> **Exercise objective**
From the line with "Акции компании на" down to the final line of the material, please transcribe everything exactly, but leave the pictures out.

> **Material provided**
|---|
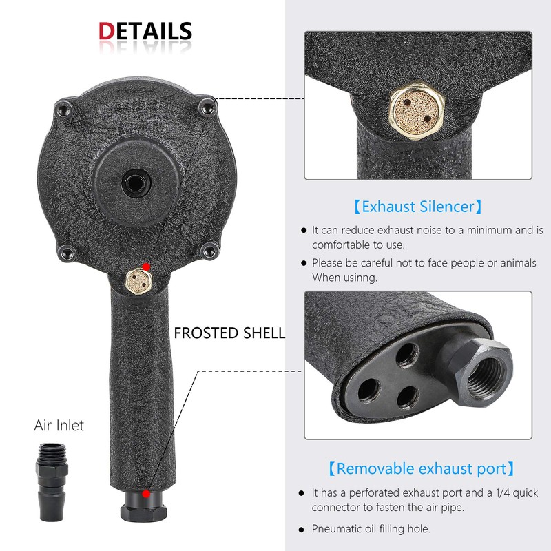 - ▷ [EXHAUST MUFFLER PORT & 360° ROTATING PUINCH]---Inlet size: 1/4"; the perforated gun body has an exhaust muffler, which can reduce the exhaust noise of the punch and provide you with more comfort work environment, but it is still recommended to wear headphones to protect your ears when using it. The punch of the air punch can be rotated 360°at any angle, The firing pin is forged from a special alloy steel material, which is durable and has sharp impact.
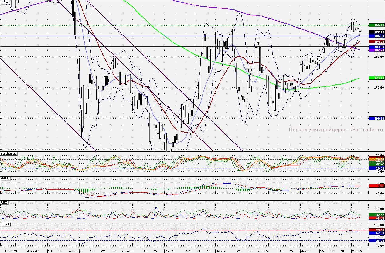 Акции компании на прошлой недели так и не преодолели отметку 190,24 руб. Данный уровень сохраняет свою стратегическую значимость: отметка 190,24 руб. является локальным максимумом, установленным во второй половине 2011 года. При пробитии данной отметки целью станет годовой максимум 2012 года — 191,11 руб. Поддержкой по бумагам остается 186,70 руб., в районе которой проходит 10-дневная скользящая средняя.
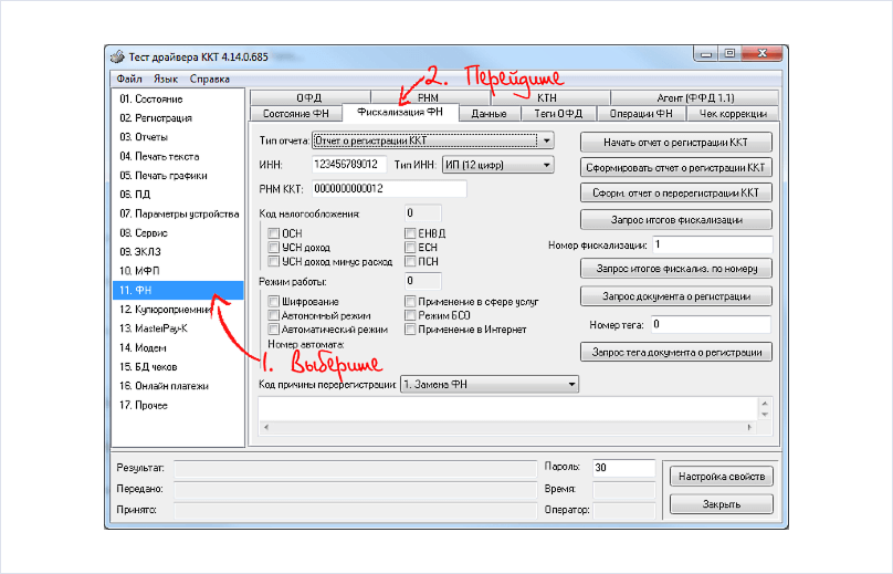 В «Тесте драйвера ФР»:
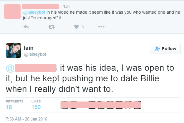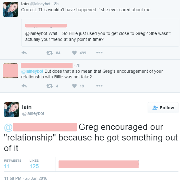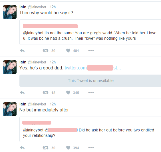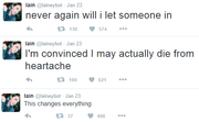 | 19:22, 29 January 2016 | Heartache012316.png (file) | 45 KB | Admin | Lain tweets about being heartbroken after finding out Greg cheated, January 23, 2016 | 1 | |
|---|
> **Output of the exercise**
 Акции компании на прошлой недели так и не преодолели отметку 190,24 руб. Данный уровень сохраняет свою стратегическую значимость: отметка 190,24 руб. является локальным максимумом, установленным во второй половине 2011 года. При пробитии данной отметки целью станет годовой максимум 2012 года — 191,11 руб. Поддержкой по бумагам остается 186,70 руб., в районе которой проходит 10-дневная скользящая средняя.
 В «Тесте драйвера ФР»:
 | 19:22, 29 January 2016 | Heartache012316.png (file) | 45 KB | Admin | Lain tweets about being heartbroken after finding out Greg cheated, January 23, 2016 | 1 | |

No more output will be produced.